The research mentioned above both demonstrated that the use of nanopore technology to detect abnormal DNA methylation may play an important role in cancer therapy and precancerous detection [92,93]. The nanopore-based methylation-sensitive assay provides a more convenient method in studying the role of epigenetics in human disease without bisulfite conversion, fluorescent labeling, and PCR.

5.2.2. MicroRNA

MicroRNAs (miRNAs) are small endogenous biomolecules, with a length of 18–22 bps, which can regulate gene expression and their expression level is correlated with different diseases [94]. Studies have shown that abnormal expression of miRNAs has been found in different tumor tissues [95,96]. In addition, miRNAs play important roles in embryonic differentiation, hematopoiesis, cardiac hypertrophy, and many cancer-related processes, including proliferation, apoptosis, differentiation, migration, and metabolism [97,98].

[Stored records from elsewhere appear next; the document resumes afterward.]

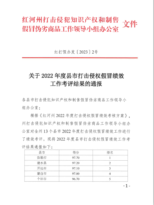 近日,红河州打击侵犯知识产权和制售假冒伪劣商品工作领导小组办公室印发《关于2022年度县市打击侵权假冒绩效工作考评结果的通报》,弥勒市荣获红河州2022年度县市打击侵权假冒绩效工作考评第一名,这是继2020年和2021年后再次获此殊荣,成功实现了“三连冠”。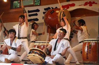 | 〔和太鼓E長調〕 中太鼓センターの辰則と同右の雅彰は名コンビです。 |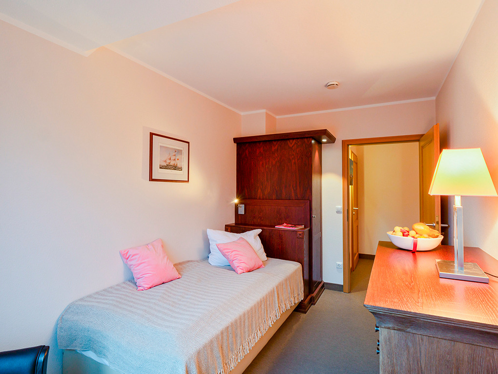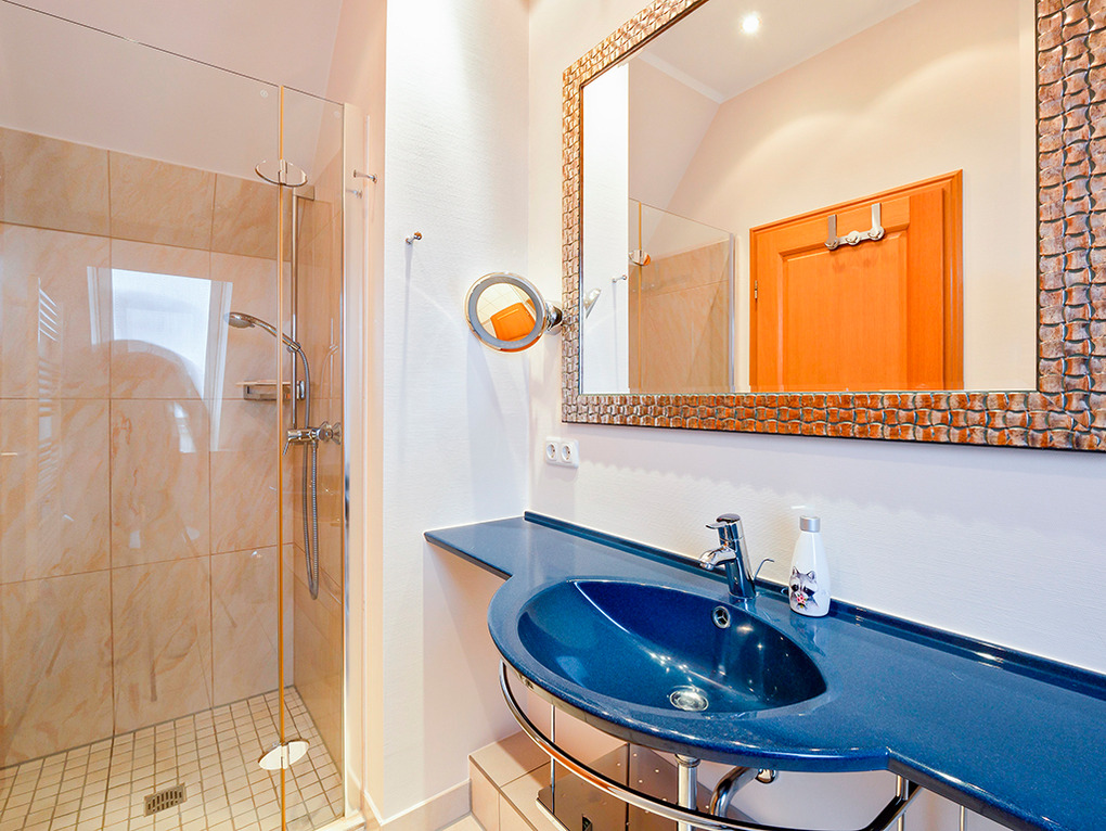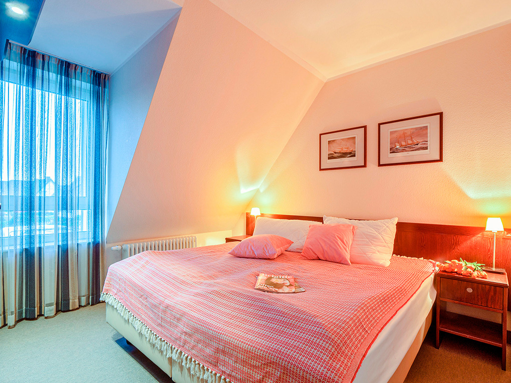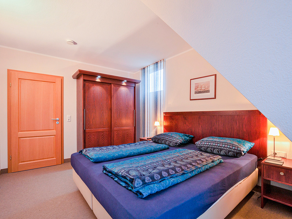 D 67.74 Ferienhaus 1-6 Pers.: Großzügige 5-Zimmer-Haushälfte mit 130 qm Wohnfläche über 3 Etagen. Parterre: Wohn-/Essraum mit Kamin (Gas), Couchgarnitur, Sat-TV (Smart-TV), Esstisch, gut ausgestatteter Einbauküche (Backofen, Mikrowelle, Spülmaschine). Gäste-WC. 1. Etage: Doppelzimmer mit Sat-TV. Doppelzimmer. Einzelzimmer mit Balkon. Bad: Du, Bw, 2 Wb, WC. Treppe in das ausgebaute Dachgeschoss: Einzelzimmer mit Bad (Du, Wb, WC).

Many research groups have used biological and solid-state nanopores to detect miRNAs in different tissues. For example, Meni et al. [99] used nanopore technology for rapid detection of probe-specific miRNAs (miRNA-122a and miRNA-153) and proved the potential of this approach by detecting liver-specific miRNAs at microgram levels from rat liver. Wang et al. [100] selectively detected single-molecule miRNAs in plasma samples of lung cancer patients using α-hemolysin-based nanopore sensors. The sensor uses programmable oligonucleotide probes to generate target-specific signals that quantify sub-millimolar levels of cancer-associated miRNAs.

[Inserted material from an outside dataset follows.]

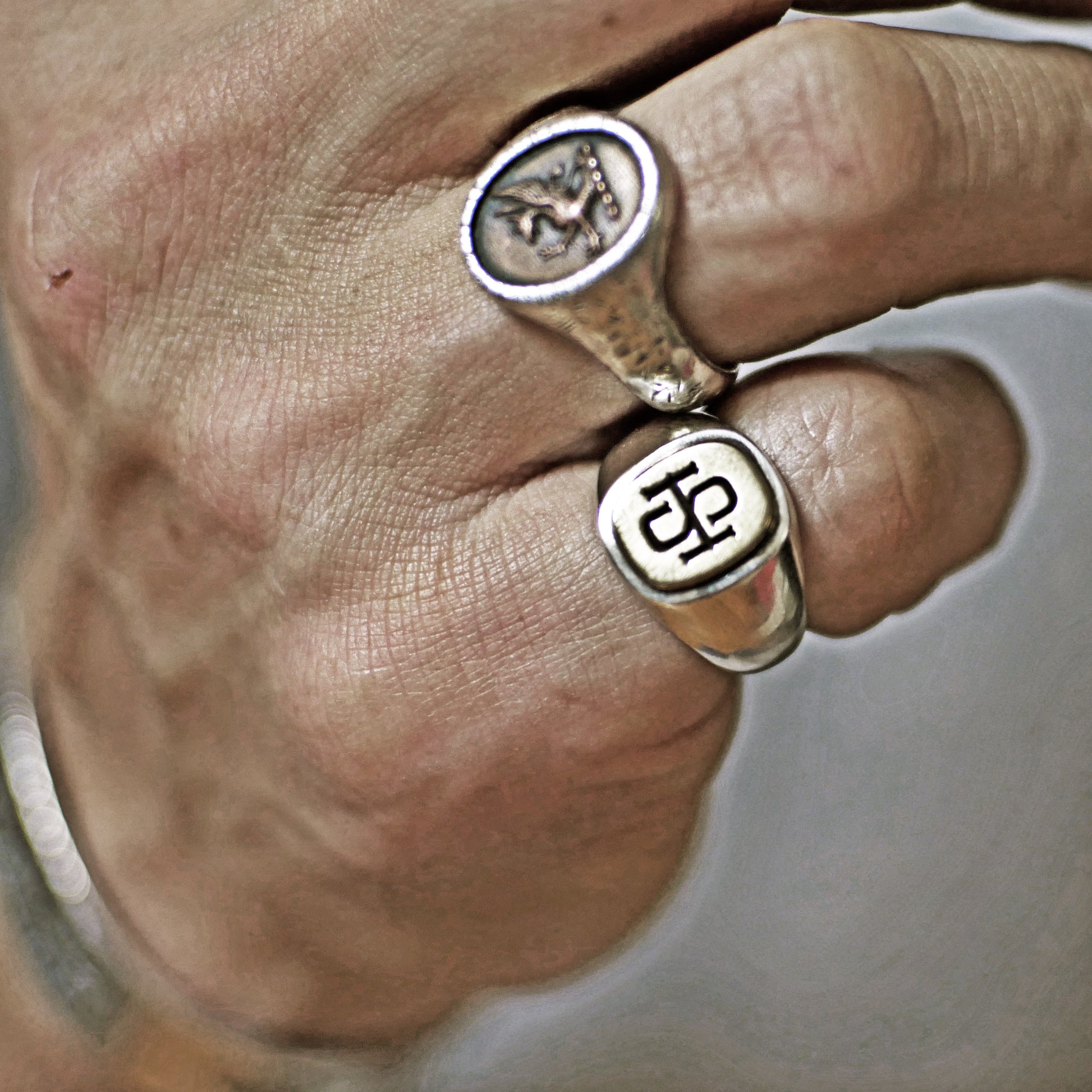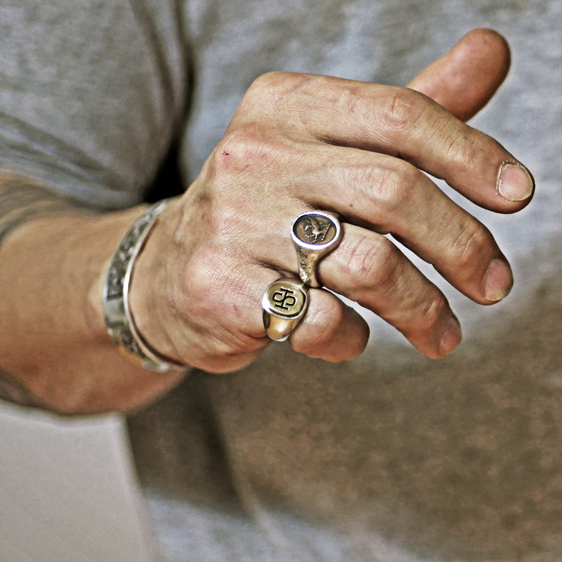 2 initials engraved medium weight simple signet ring. The monogram job is done from 'www.kittl.com'

These methods have potential application value for quantitative miRNA detection, detection of disease markers, and non-invasive early diagnosis of cancer. Also, nanopore gene sequencing method enables researchers to investigate overexpression mechanism of many kinds of miRNA.

5.3. Detection of Viruses and Bacteria

5.3.1. Monitor Virus Using Nanopore Sequencing Technology

During a pandemic, gene sequencing is an ideal way to determine the source of infection and the rate at which it evolves. Gene sequencing technology can also be used to identify characteristics of host fitness, identify and detect diagnostic targets, and characterize responses to vaccines and treatments [67,101].

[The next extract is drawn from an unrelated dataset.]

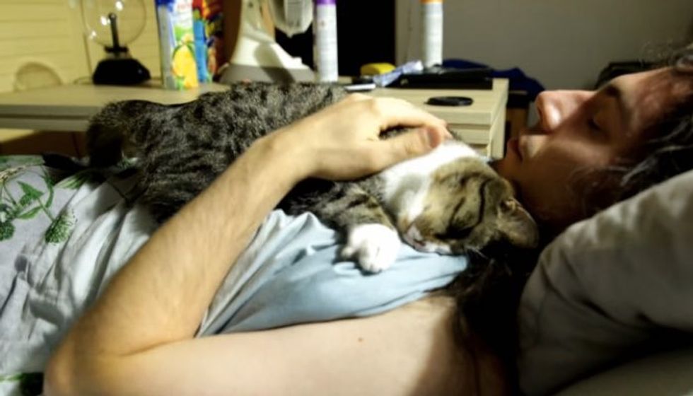 The man became the kitty's family she never had. She woke him up every morning by nuzzling in his neck and purring up a storm.

Human beings’ struggling against viruses is an evolving process. In the face of Ebola virus in West Africa, some scientists proposed to use nanopore sequencing technology to quickly detect virus samples in the environment, so as to help identify virus mutation types. The sequencing device, MinION, was used. In 2016, the Zika virus outbreak was declared an international public health emergency by the World Health Organization. The Zika in Brazil Real-time Analysis project was established to sequence a thousand of genomes from Brazil to monitor the epidemiological information [102]. The whole genome of Zika virus was obtained from clinical samples using the MinION sequencer for bioinformatics analysis [40]. MinION was used under these circumstances as it has many advantages. It weighs less than 100 g and is easy to operate in developing countries where the experimental condition cannot be achieved. Another advantage is that nanopore sequencing does not require precise microscope alignment and repeated calibration in comparison to the Illumina platform [103] and, hence, make the operation of MinION much simpler.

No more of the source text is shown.